What can be done today to prevent worker injuries and deaths tomorrow? The answer lies in effective risk management, which involves identifying hazards, evaluating their potential dangers and estimating the likelihood of harmful incidents. Regulatory bodies universally require employers to conduct risk assessments, as these evaluations are fundamental in protecting the health and safety of workers and others.

However, a significant challenge in this process is accessing and consolidating the necessary data, which is often spread across multiple business systems and stored in varying formats. By leveraging innovative technology, organizations can identify the key factors behind workplace incidents and implement effective prevention strategies.

Anticipating Hazards in the Workplace through Proactive Safety

Rather than merely reacting to incidents that have already occurred, EHS leaders should focus on anticipating and forecasting potential hazards. This proactive approach is central to effective risk management. By utilizing leading indicators—such as near-misses, safety audits and observations—organizations can identify early warning signs and implement prevention strategies before any harm occurs.

In contrast, lagging indicators are retrospective and provide data on events that have already occurred. These include metrics such as injury rates, lost workdays and incident reports. While lagging indicators are crucial for understanding past performance and identifying trends, they do not offer the same opportunities to prevent future incidents as leading indicators do.

By combining both leading and lagging indicators, organizations can create a balanced approach to risk management. Leading indicators help in anticipating and mitigating risks, while lagging indicators provide context and validation for the effectiveness of safety measures. Understanding the difference between these two types of indicators allows organizations to implement a more comprehensive safety strategy, ensuring that hazards are not only responded to but also proactively prevented.

Data Collection Challenges in Risk Management

Effective risk management relies heavily on accurate data collection and analysis. However, one of the biggest challenges in this process is that data is often spread across multiple business systems, making it difficult to access and consolidate. Additionally, inconsistencies in data syntax and quality further complicate the ability to standardize and interpret this information.

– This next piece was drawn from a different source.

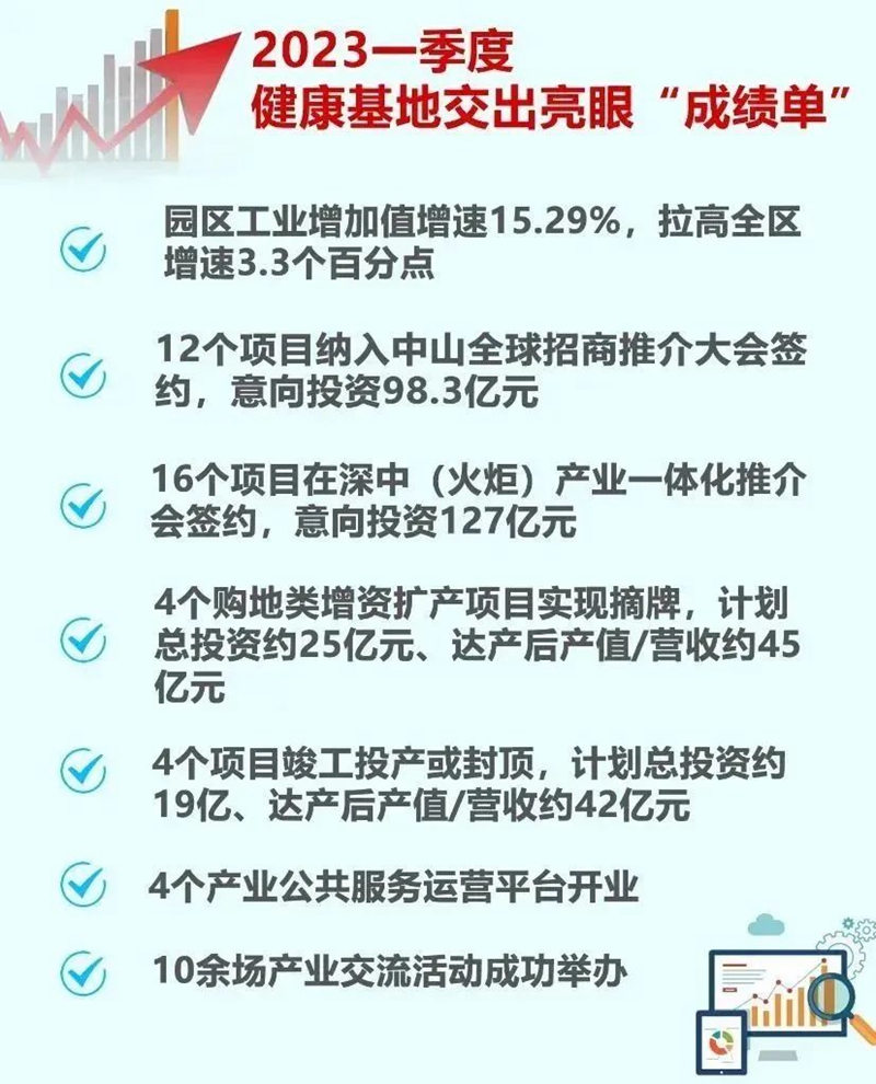 一季度,健康基地簽約落戶(hù)了一批優(yōu)質(zhì)的產(chǎn)業(yè)項(xiàng)目,為壯大中山生物醫(yī)藥產(chǎn)業(yè)艦隊(duì)貢獻(xiàn)園區(qū)力量。其中,3月30日,在2023年中山全球招商推介大會(huì)暨第十屆中山人才節(jié)上,健康基地共有12個(gè)簽約項(xiàng)目、投資總額達(dá)98.3億元,其中2個(gè)項(xiàng)目作為重大項(xiàng)目上臺(tái)簽約,涉及現(xiàn)代中成藥生產(chǎn)基地、醫(yī)藥和醫(yī)療器械CDMO平臺(tái)、小分子新藥CRO平臺(tái)、產(chǎn)業(yè)園合作、醫(yī)學(xué)精密醫(yī)療器械研發(fā)生產(chǎn)等細(xì)分領(lǐng)域。3月31日,在深中(火炬)產(chǎn)業(yè)一體化推介會(huì)上,健康基地共有16個(gè)簽約項(xiàng)目,意向投資總額達(dá)127億元,涉及新藥研發(fā)、醫(yī)療器械產(chǎn)業(yè)化基地、醫(yī)療器械CMO平臺(tái)、醫(yī)療器械MAH持證與注冊(cè)服務(wù)平臺(tái)、產(chǎn)業(yè)園合作、股權(quán)投資基金等產(chǎn)業(yè)細(xì)分領(lǐng)域。

As the importance of data-driven decision-making continues to grow, so does the need for precise data in EHS management. According to Columbia Southern University’s report, 4 Trends in Occupational Safety and Health to Expect in 2021, leveraging safety data for predictive modeling is becoming increasingly vital. This modeling enables businesses to anticipate potential hazards and identify conditions that may increase the likelihood of incidents. To stay competitive, companies are increasingly adopting machine learning-powered safety software, such as Intelex, which is designed to provide real-time analytics and insights that can be used to prevent incidents before they occur.

The Value of the Risk Assessment

A risk assessment is used to identify and evaluate hazards found in a work environment before incidents happen, determine the level of danger in those hazards and assess the likelihood of harm occurring. Risk hazards need to be evaluated with criteria that help to build a credible understanding of what is and is not acceptable. Most regulatory bodies require some form of risk assessment of hazards, and all follow a similar template that includes:

• Identifying risks to the worker associated with work activity. This may include:
  • Observe workplace activities, tasks, processes and substances for potential hazards.
  • Review past accidents and health records to uncover hidden risks.
  • Check manufacturers’ data sheets, instructions and guidance.
  • Consult with employees involved in the tasks for their insights.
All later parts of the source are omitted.